I don't know what kind of top or shoes to pair them with though.
colors don't matter because I've got tons of these and... yeah

this is the style of the pants I have 
	

	
	
		
		

		
			




The white ones.

TIA :] :] :]


----------



## Dreamergirl3 (Jan 11, 2008)

I think some layered tanks or henleys, as something equally casual on top would be nice..and cute, closed toe flats


----------



## miss_dre (Jan 11, 2008)

i have tons of these! They're so comfy!
I pair them with their matching hoodies and a plain tank. Or a cute tee. =)


----------



## ben (Jan 11, 2008)

flip flops and tanks


----------



## Honey B. Fly (Jan 11, 2008)

id make them sexy by wearing some wedges instead of flipflops


----------



## de-lovely (Feb 20, 2008)

LOVE VS sweats!! I always wore mine to class. I usually paired mine with flip flops or uggs, a tank and zipup or a cute hoodie or tee that matched the color scheme of the sweats. 
They're really quite easy pants to wear and pull off, good luck love!


----------



## damsel (Feb 20, 2008)

for the top i usually go with a hoodie or a slim fitting t-shirt/henley. layering with a x-long tanktop always looks cute. i usually wear flats or retro-ish sneakers like converse, puma, rocket dog etc. flip-flops also work.


----------



## jilliandanica (Feb 20, 2008)

i totally agree with de-lovely and damsel!

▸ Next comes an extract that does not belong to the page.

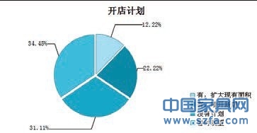 對(duì)2013年的發(fā)展規(guī)劃,34.44%的經(jīng)銷商有擴(kuò)大現(xiàn)有面積或者增開(kāi)新店的計(jì)劃,其中增開(kāi)新店為22.22%,擴(kuò)大現(xiàn)有面積有12.22%的比例。31.11%的人表示暫時(shí)沒(méi)有計(jì)劃,34.45%的人暫時(shí)觀望。

When it's warmer outside, definitely rock some flip flops or some sneaks with a tank/tee and a unzipped short sleeve hoodie

On colder days, uggs or even some cute juicy couture/pink tube socks with some trainers and a pullover hoodie with a long tank/tee underneath.


----------



## Shimmer (Feb 20, 2008)

Climbing shoes and a racerback.


----------



## labellavita7 (Feb 21, 2008)

uggs
north face
blonde wig
orange tan

just kidding i wear these sweatpants but this is how the girls at my school do it haha... i usually just wear it with a like a boyfriend tank from AE and a thin zip up hoodie and my uggs.  I think VS sweats are my favorite thing in the entire world.


----------



## user79 (Feb 22, 2008)

Flip Flops
Funky runners in fun colors like from Puma, Adidas, etc.
Printed tshirt
Hoodie


----------